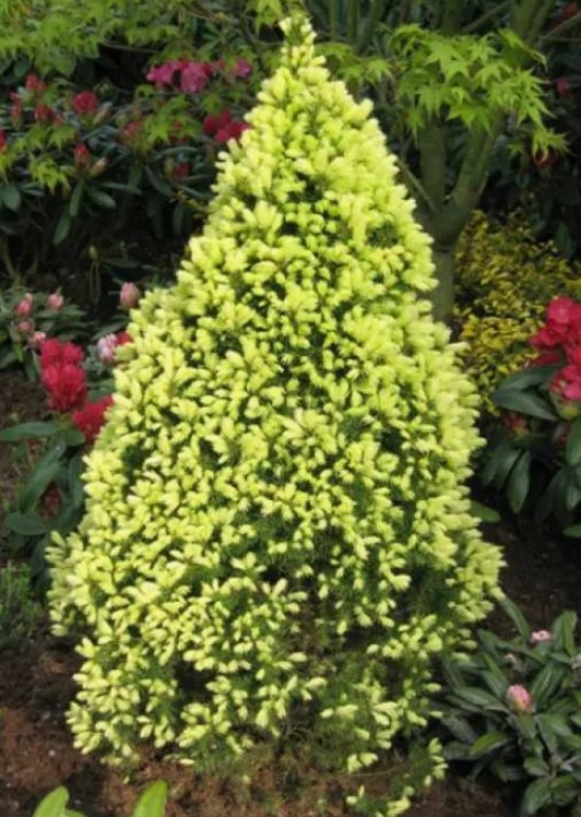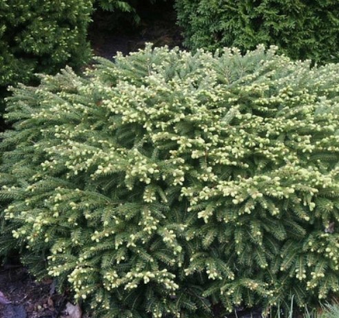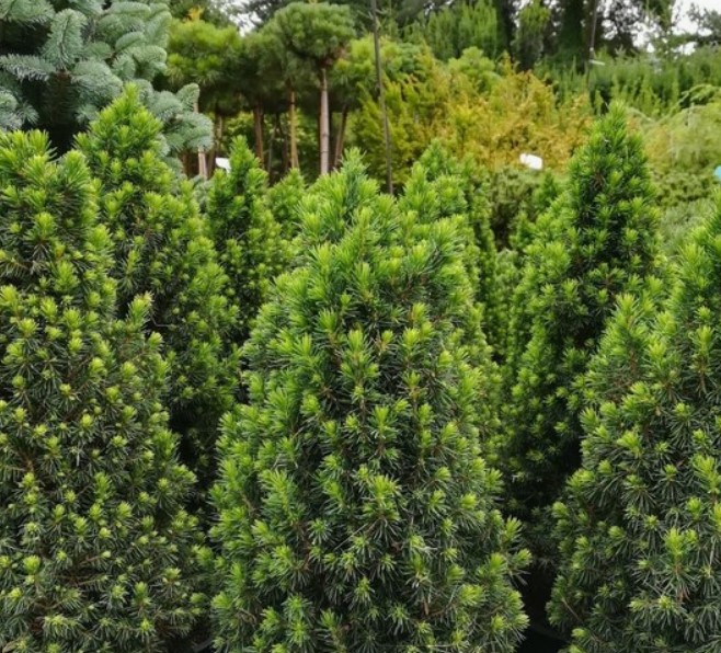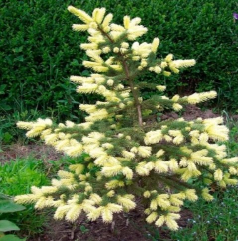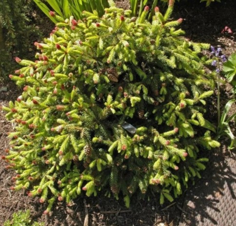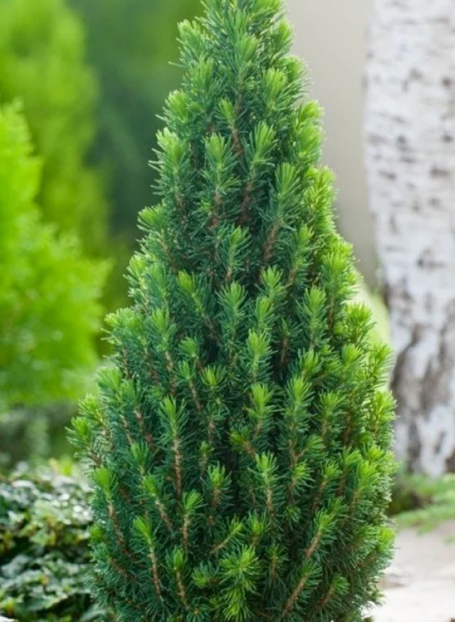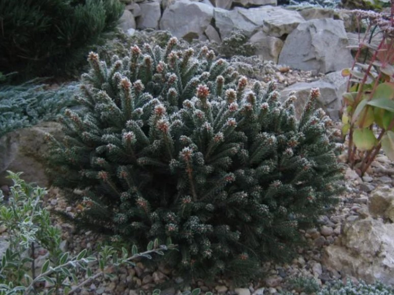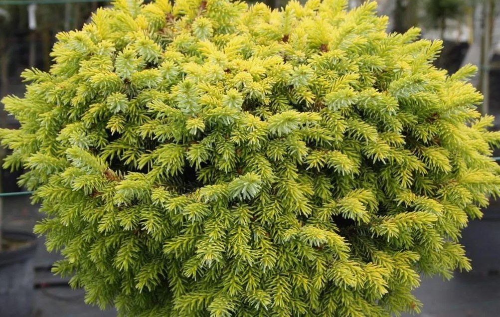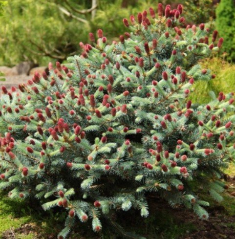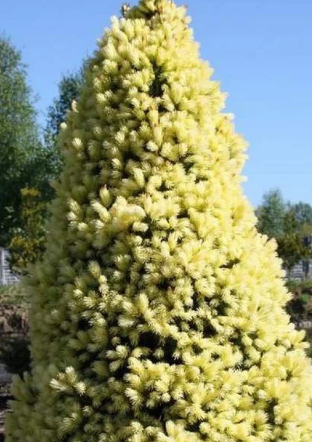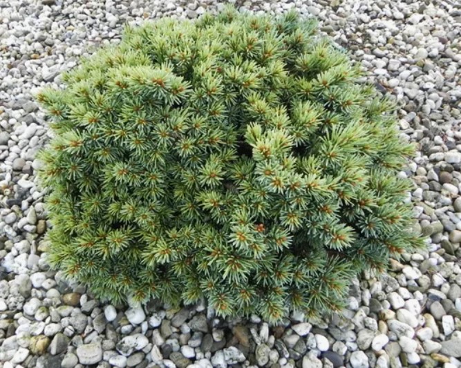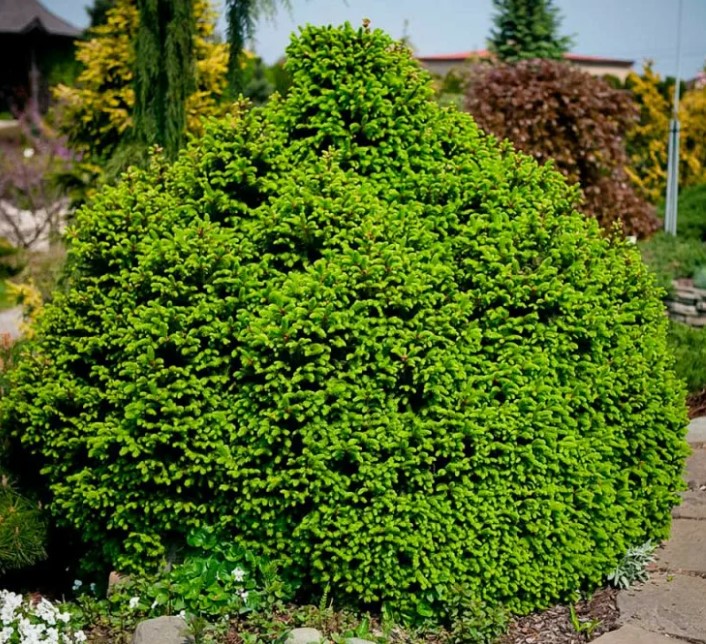 - конична или сферична - тази форма е типична за бавнорастящи декоративни смърчови дървета;
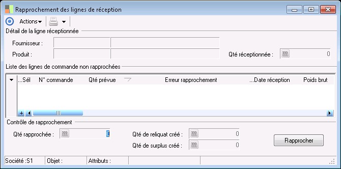Cette zone indique la quantité des lignes de commandes rapprochées avec la ligne de réception saisie.
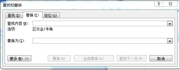 3、替换窗口被调出来,与方法一中的操作一样,进行查找和替换即可。需要更多查找限定条件,点击“更多”即可。
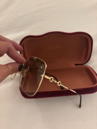 Gafas Gucci en muy buen estado, tiene un poco rozada una pantilla por dentro. Material: Acetato Forma de las gafas: Cuadrada Categoría de filtro: Medio (categoría 2) Protección UV: Sí Ancho: 15 cm (talla 52) Largo de la patilla: 15 cm (talla 52) Ancho del arco: 1.3 cm (talla 52)
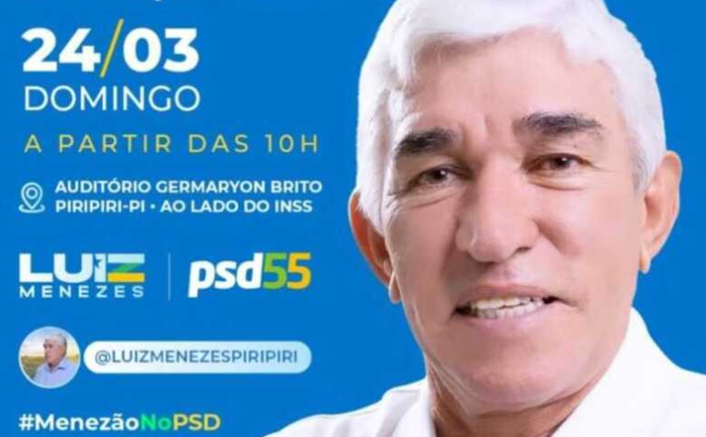 O ex-prefeito de Piripiri, Luiz Menezes, já tem data marcada para deixar o Progressistas e migrar para o PSD. A movimentação, que foi costurada pelo deputado estadual Georgiano Neto, terá seu desfecho final no próximo dia 24 de março.
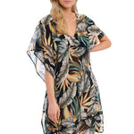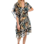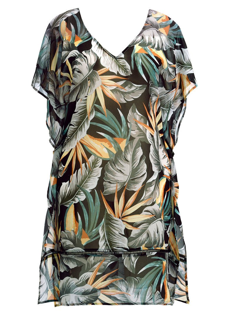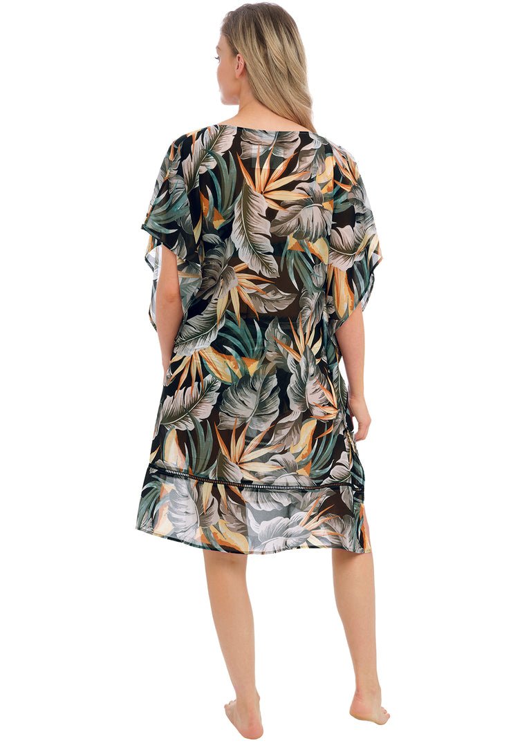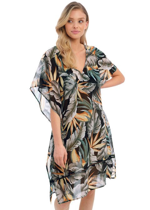 V-neck kaftan with beautiful black ladder stitch detail Mid-length
━━━━━━
[EXERCISE REQUIREMENTS] Find the line holding "O ex-prefeito de" in the data above. Retype it and every later line exactly, through the end, but not the pictures.

[PROBLEM SOLUTION]
 O ex-prefeito de Piripiri, Luiz Menezes, já tem data marcada para deixar o Progressistas e migrar para o PSD. A movimentação, que foi costurada pelo deputado estadual Georgiano Neto, terá seu desfecho final no próximo dia 24 de março.
 V-neck kaftan with beautiful black ladder stitch detail Mid-length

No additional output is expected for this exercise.